Но тяжело переживая крушение своей популярности среди рабочих, мучительно раздумывая о степени своей виновности в том, что одни погибают от голода, а другие расстреляны, Этьен, восстановив события, сознал, что в день бунта сам был захвачен неудержимой лавиной шахтерского шествия и остановился беспомощно перед прорвавшимися разрушительными инстинктами. В Этьене не оказалось задатков подлинного вожака масс. «Никогда, кстати сказать, он не руководил ими, — они сами вели его, заставляли делать то, что он не решился бы сделать, если бы его не подталкивал людской поток, устремившийся по дорогам позади него». Его еще продолжало терзать глухое беспокойство, что во время решающих событий он был «не на высоте своей задачи». Но дистанция между Этьеном и шахтерской средой все расширялась: «сердцем, он был уже не с товарищами» («il n'etait meme plus de coeur avec les camarades»). Он испытывал страх перед разгневанным пародом, перед огромной массой, разбушевавшейся и неодолимой («il avait peur d'eux, de cette masse enorme, aveugle et irresistible du peuple»), «мало-помалу она становилась для него чужой»: Этьена отдаляло от товарищей «постепенно развившееся стремление всего его существа подняться выше — к другому классу» («vers une classe superieure»). И, конечно, не в этом герое, столь очевидно затронутом процессом буржуазного перерождения, проявился в романе Золя мятежный дух Жерминаля[183].
* * *Вскоре после выхода в свет романа «Жерминаль» Эмиль Золя в полемическом письме Анри Сеару отстаивал свои творческие принципы. Золя не принял упреков, которые адресовал ему Сеар в статье, посвященной «Жерминалю». «…Вы говорите — условность персонажей, неподвижность фигур — каждая как бы застыла в одной позе. Так ли уж это справедливо в отношении „Жерминаля“? Не думаю». Он поясняет: упрощение образов второстепенных персонажей вызвано масштабами темы, эпическим размахом многофигурного, наполненного жизнью повествования. «Дело в том, что этот роман — гигантская фреска. Каждая глава, каждая клетка этой композиции оказалась настолько тесной, что все пришлось подать в уменьшенном виде». Но и «упрощение» не следовало понимать как недостаточную выразительность героев второго плана. Они «обозначены здесь одной чертой. Что ж, это мой обычный прием», — писал Золя.

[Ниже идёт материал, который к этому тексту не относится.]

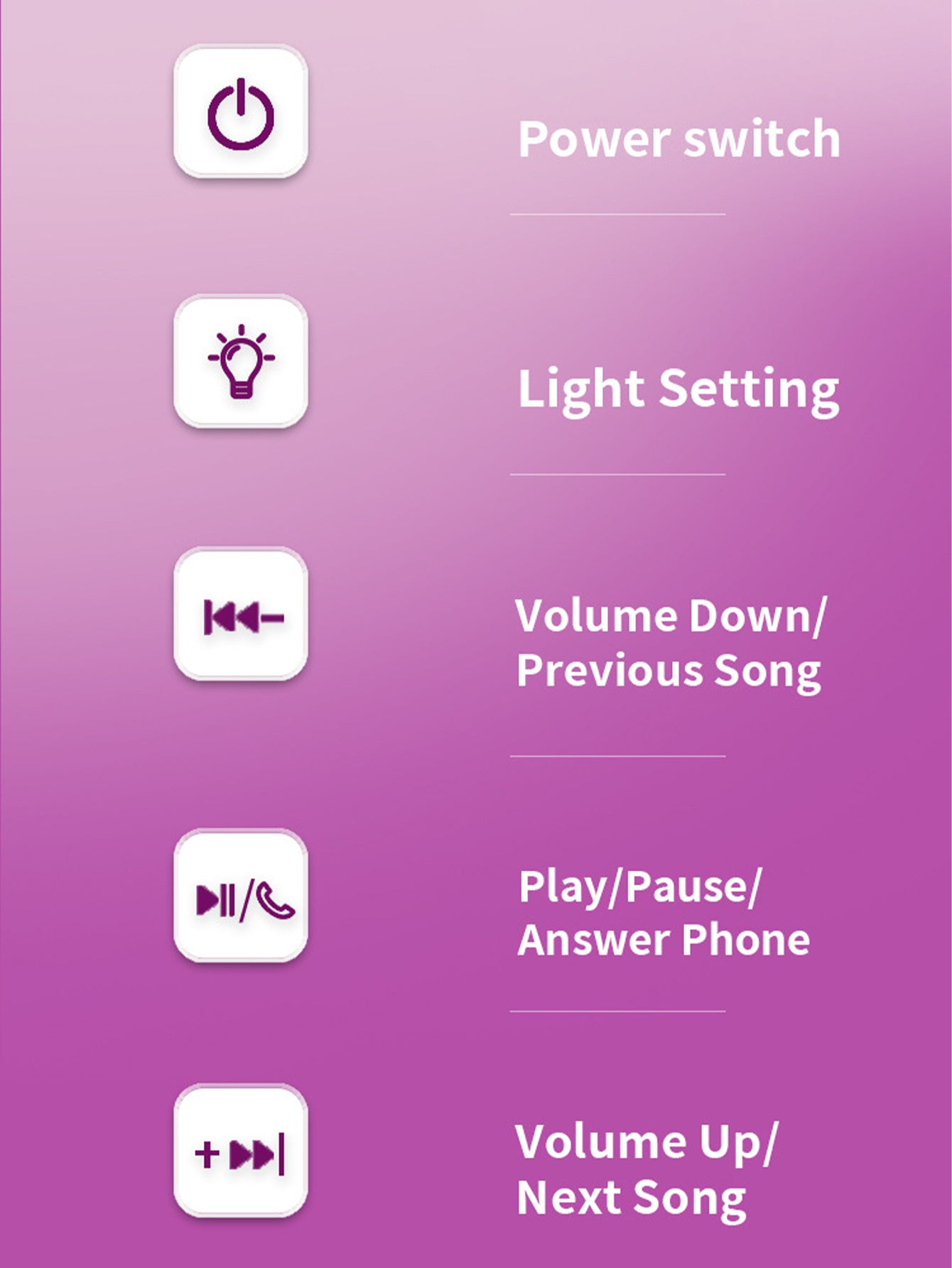 **Instructions**: ①Long press the power button to control the sound; ②Short press to switch the light mode; ③Wireless charging needs to be aimed at the phone's sensing area.

Действительно, «одна черта», но тщательно отобранная, явно доминирующая в образе, придавала ему резкую характерность и не позволяла затеряться среди других.

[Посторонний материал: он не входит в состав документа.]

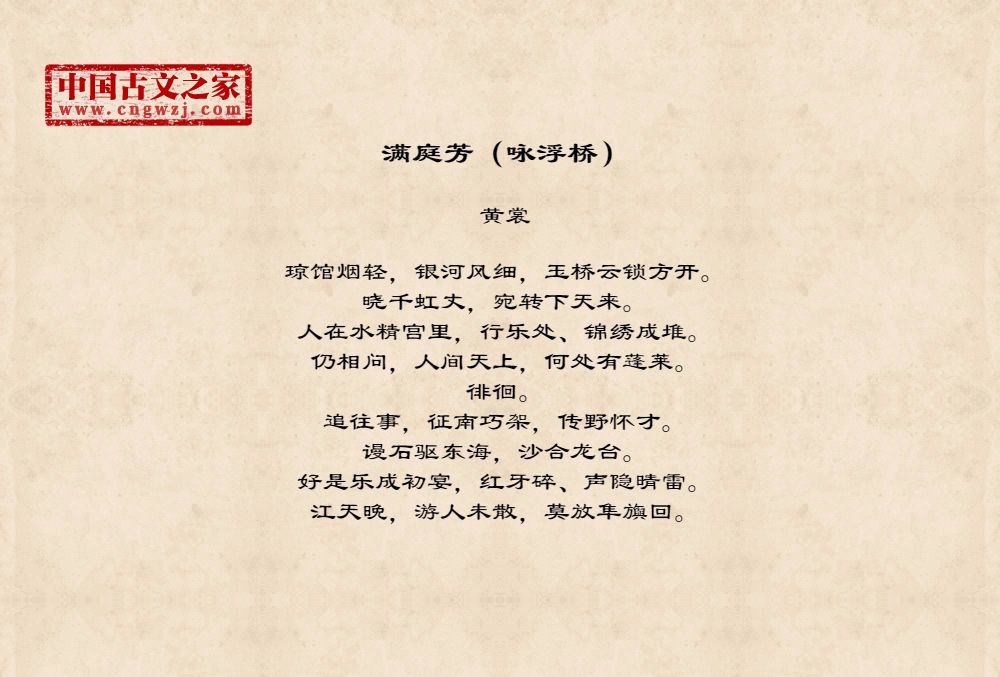 琼馆烟轻,银河风细,玉桥云锁方开。晓千虹丈,宛转下天来。人在水精宫里,行乐处、锦绣成堆。仍相问,人间天上,何处有蓬莱。徘徊。追往事,征南巧架,传野怀才。谩石驱东海,沙合龙台。好是乐成初宴,红牙碎、声隐晴雷。江天晚,游人未散,莫放隼旟回。

«Однако посмотрите на главных героев романа — у каждого своя линия развития… Мне казалось, что в таком монументальном произведении, как мой роман, линии главных героев будут четко выделяться на фоне толпы и тем самым достаточно выразят мой замысел». Острый момент в споре Эмиля Золя с Сеаром имел касательство именно к замыслу. Критик, которым не была понята концепция автора, полагал, что в данном произведении вообще не следовало выделять обособленных персонажей, надо было изображать только толпу. «Не вижу, как это можно было бы осуществить, — недоумевал Золя. — Ведь я хотел показать именно взаимодействие и взаимовлияние отдельной личности и толпы. Как же я мог обойтись без отдельной личности?»[184].